Unnamed: 0_level_0,Unnamed: 1_level_0,Name,Number,Age,Height,Weight,College,Salary
Team,Position,Unnamed: 2_level_1,Unnamed: 3_level_1,Unnamed: 4_level_1,Unnamed: 5_level_1,Unnamed: 6_level_1,Unnamed: 7_level_1,Unnamed: 8_level_1
Atlanta Hawks,C,Al Horford,15.0,30.0,6-10,245.0,Florida,12000000.0
Atlanta Hawks,PF,Kris Humphries,43.0,31.0,6-9,235.0,Minnesota,1000000.0
Atlanta Hawks,PG,Dennis Schroder,17.0,22.0,6-1,172.0,Wake Forest,1763400.0
Atlanta Hawks,SF,Kent Bazemore,24.0,26.0,6-5,201.0,Old Dominion,2000000.0
Atlanta Hawks,SG,Tim Hardaway Jr.,10.0,24.0,6-6,205.0,Michigan,1304520.0
...,...,...,...,...,...,...,...,...
Washington Wizards,C,Marcin Gortat,13.0,32.0,6-11,240.0,North Carolina State,11217391.0
Washington Wizards,PF,Drew Gooden,90.0,34.0,6-10,250.0,Kansas,3300000.0
Washington Wizards,PG,Ramon Sessions,7.0,30.0,6-3,190.0,Nevada,2170465.0
Washington Wizards,SF,Jared Dudley,1.0,30.0,6-7,225.0,Boston College,4375000.0


## Aggregation

Aggregation can be performed by either using the available aggregating functions on the `groupby` object, or using the aggregate function to apply arbtrary function logic.

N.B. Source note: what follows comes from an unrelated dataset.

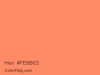 Hex #fe8b65 Color is a light color and the nearest color is Salmon #ff8c69. Hex code #fe8b65 and RGB value is rgb(254,139,101). In RGB color space, this color is composed of 100% red, 55% green, 40% blue, In CMYK color space, this color is composed of 0% cyan, 45% magenta, 60% yellow , 0% black , In HSL color space, this color has a hue angle of 15° , 99% saturation and 70% lightness.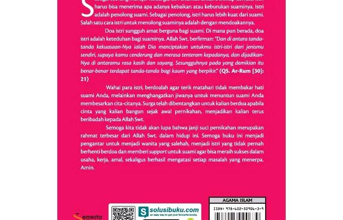 Perankan peran strategismu sebagai manajer keluarga dengan kekuatan doa. Buku ini adalah panduan praktis bagi istri untuk mendukung dan melindungi suami melalui ikhtiar spiritual. Berisi kumpulan doa pilihan dari Al-Qur’an dan Hadist yang disusun khusus untuk memohon kesuksesan, perlindungan, dan keberkahan dalam setiap langkah suami, baik dalam urusan duniawi maupun ukhrawi.

`dataframe.aggregate()` function is used to apply some aggregation across one or more column. Aggregate using callable, string, dict, or a list of string/callables. Most frequently used aggregations are:

- sum: Return the sum of the values for the requested axis
- min: Return the minimum of the values for the requested axis
- max: Return the maximum of the values for the requested axis

In [6]:
# Applying aggregation across all the columns  sum and min will be found for each  
# numeric type column in df dataframe 
  
df.aggregate(["sum", "max"])

Unnamed: 0,Number,Age,Weight,Salary
sum,8079.0,12311.0,101236.0,2159837000.0
max,99.0,40.0,307.0,25000000.0


In Pandas, we can also apply different aggregation functions across different columns. For that, we need to pass a dictionary with key containing the column names and values containing the list of aggregation functions for any specific column.

In [7]:
# We are going to find aggregation for these columns 
df.aggregate({ "Age":['max', 'min'], 
              "Weight":['max', 'min'],  
              "Salary":['sum']}) 

Unnamed: 0,Age,Weight,Salary
max,40.0,307.0,
min,19.0,161.0,
sum,,,2159837000.0


### Summary

- We can split the data in a dataframe by using the function `groupby()`
    - We can group data by selecting one or multiple columns
- We can perform aggregation by using the function `aggregate` to conveniently get the sum, min, max or other statistical info about our dataframe.